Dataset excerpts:
╔══
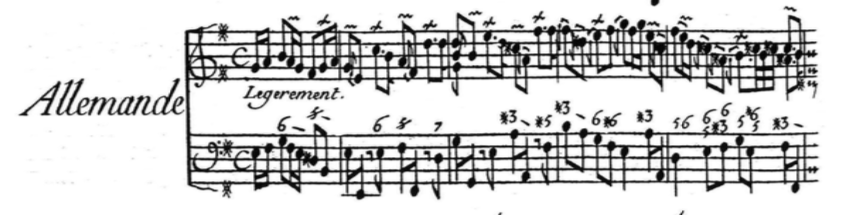 There is a big presence of grace notes and trills, which reinforce the rhythmic character of the violin line, as found in quick French dances from the XVIII century. All of the grace notes are executed quickly, with a smaller value than the main note (historical performers would call this "Lombardic" rhythm, as in XVIII music resembling northern Italian style). There was a big amount of grace notes recalling the "tierce coulé" found in French music from the XVIII century, that is, an ornament filling in an interval of a third.
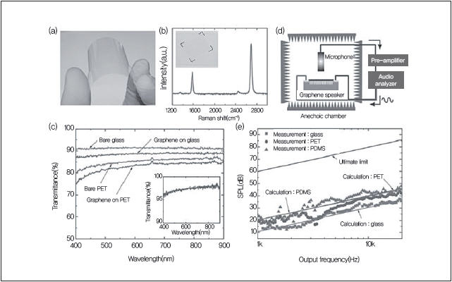 국내에서는 서울대 장정식 교수 연구팀이 그래핀을 활용한 투명 필름 스피커를 개발했다. 그래핀 전극과 PVDF(불소고분자)필름을 이용해 잘 휘어지는 투명한 스피커를 개발하는 데 성공했다.
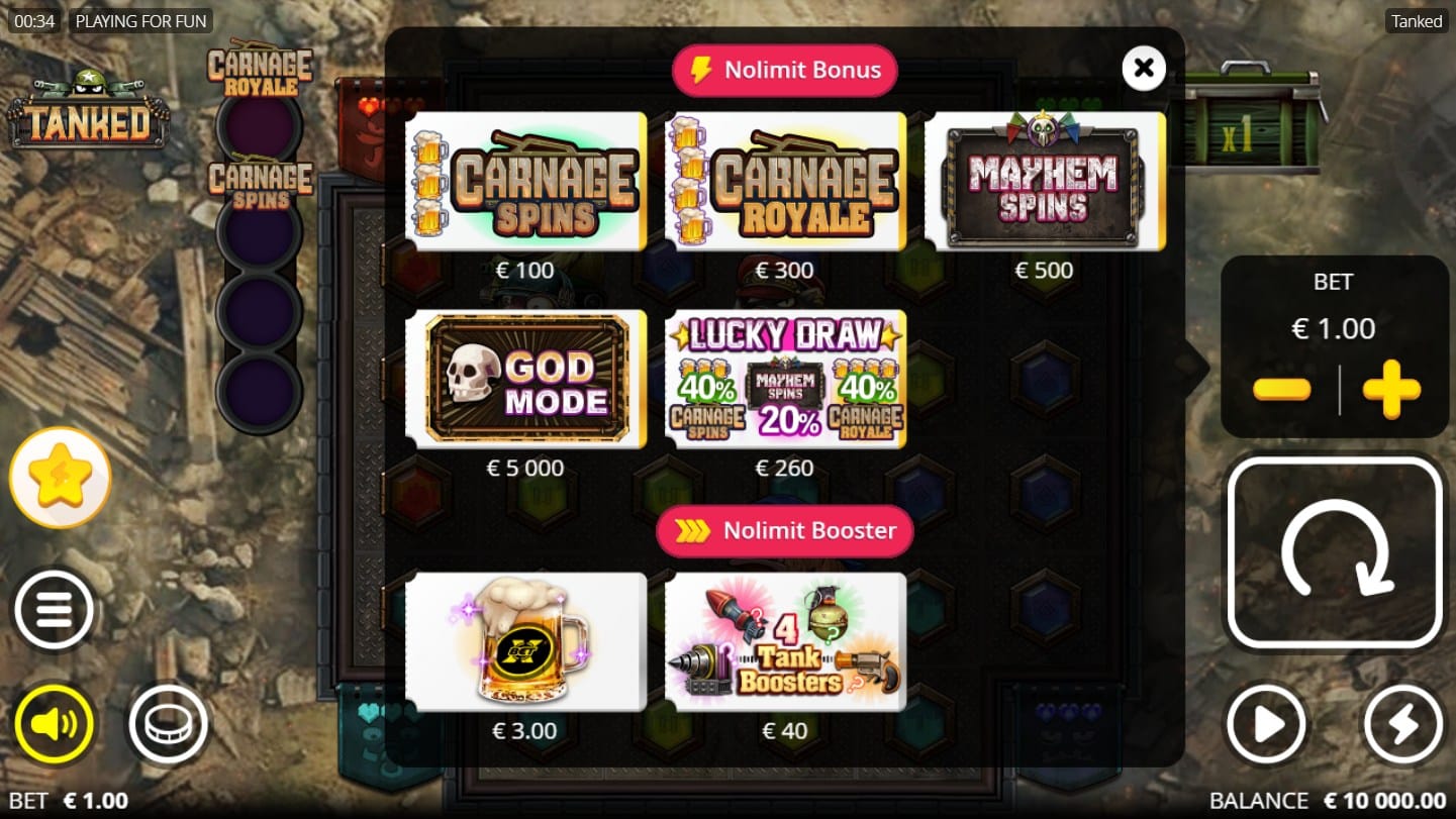 | Extra Bet (Boosters) | 40x | 4 random Tank Boosters |
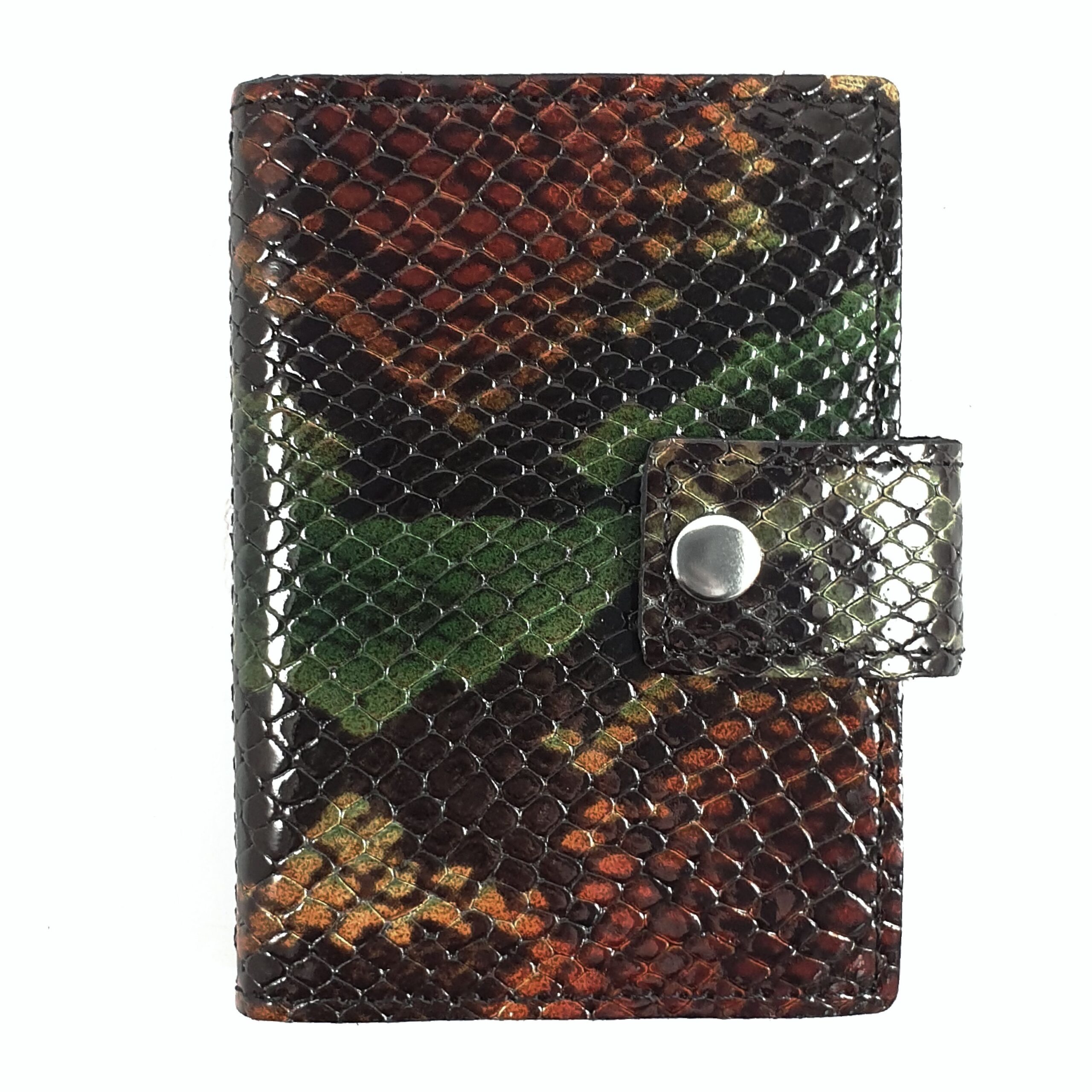 Візитниця виконана з натуральної шкіри оригінального забарвлення із тисненням під рептилію.
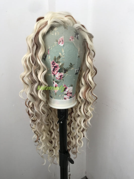 Mixed Blonde Brown Long Curls Wavy Wigs Premium Synthetic Fibre Heat Safe Glueless Lace Frontal Wig
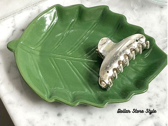 Trinket trays can always be found at Dollar Tree. I happened upon this leaf-shaped one recently and grabbed it up for my bathroom to hold smaller items like hair clips.
╚══
*YOUR OBJECTIVE*
Starting at the line that contains "Tank Boosters |", reproduce every line through the last one in the records exactly, and omit all pictures.

*RESPONSE AREA*
 | Extra Bet (Boosters) | 40x | 4 random Tank Boosters |
 Візитниця виконана з натуральної шкіри оригінального забарвлення із тисненням під рептилію.
 Mixed Blonde Brown Long Curls Wavy Wigs Premium Synthetic Fibre Heat Safe Glueless Lace Frontal Wig
 Trinket trays can always be found at Dollar Tree. I happened upon this leaf-shaped one recently and grabbed it up for my bathroom to hold smaller items like hair clips.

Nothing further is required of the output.